- Born: 19 August 1931 (age 95) Eisenach, Thuringia, Germany
- Genres: Jazz; Swing; Dixieland; blues;
- Occupations: Singer; music educator;
- Years active: 1961–2010s

= Ruth Hohmann =

German jazz singer (born 1931)

Ruth Hohmann (born 19 August 1931) is a German jazz singer and university lecturer. She was known as the "First Lady of East German Jazz" and was for a long time East Germany's only jazz singer of note, playing a major role in the dissemination of the music in the country.

==Biography==
Born in Eisenach, Thuringia, Germany, Ruth Hohmann (her stage name) as a child took singing and ballet lessons and sang in the school choir. In 1949, she went to acting school in Erfurt. Two years later, she married the theater and film critic Heinz Hofmann and moved to Berlin. When their two children were old enough, she began performing publicly. On 12 November 1961, she made her first appearance as a jazz singer, singing English lyrics, and thereafter made constant appearances at home and abroad with her band the Jazz Optimisten Berlin, until the mid-1960s, when her career stalled because of the ruling politburo's cultural policies.

Walter Ulbricht, East Germany's hardline communist ruler between 1949 and 1971, clamped down on anything he felt had links with American imperialism, and while jazz was not officially banned, Hohmann has recalled that "we stopped getting bookings. Concerts would be cancelled at the last minute, with promoters giving excuses like 'we haven't got a sound technician'." It was only after Erich Honecker took over as leader of the GDR in 1971 that she was able to resume her performances.
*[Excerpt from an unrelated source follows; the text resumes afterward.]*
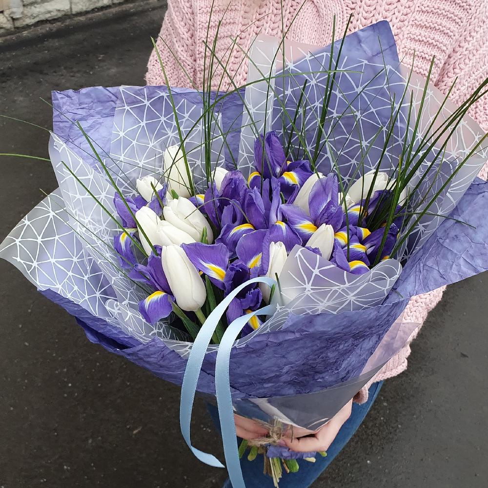 Тюльпан белый – 15 шт.Ирис Blue Magic – 10 шт.Берграсс – 1 шт.Лента атласная – 1 шт.

From 1976 to 1996, she was a lecturer at Berlin's Hanns Eisler Academy of Music for vocal training.

She was featured in the television documentary series Lebensläufe, in a 1999 episode entitled "Ruth Hohmann – Ein Leben für den Jazz", and also appeared in the 2005 film NVA.

In 2011, "Ruth Hohmann, Germany's oldest active jazz singer renders 'The Entertainer' in an amazing range of different voices and registers, now straight-faced, now clowning around."

==Style==

She sings mainly jazz standards, such as "Sweet Georgia Brown" and "Makin' Whoopee", in a style that can be characterised as favouring swing, New Orleans jazz and blues, frequently using scat singing, for which she has been dubbed the "Ella Fitzgerald of the East".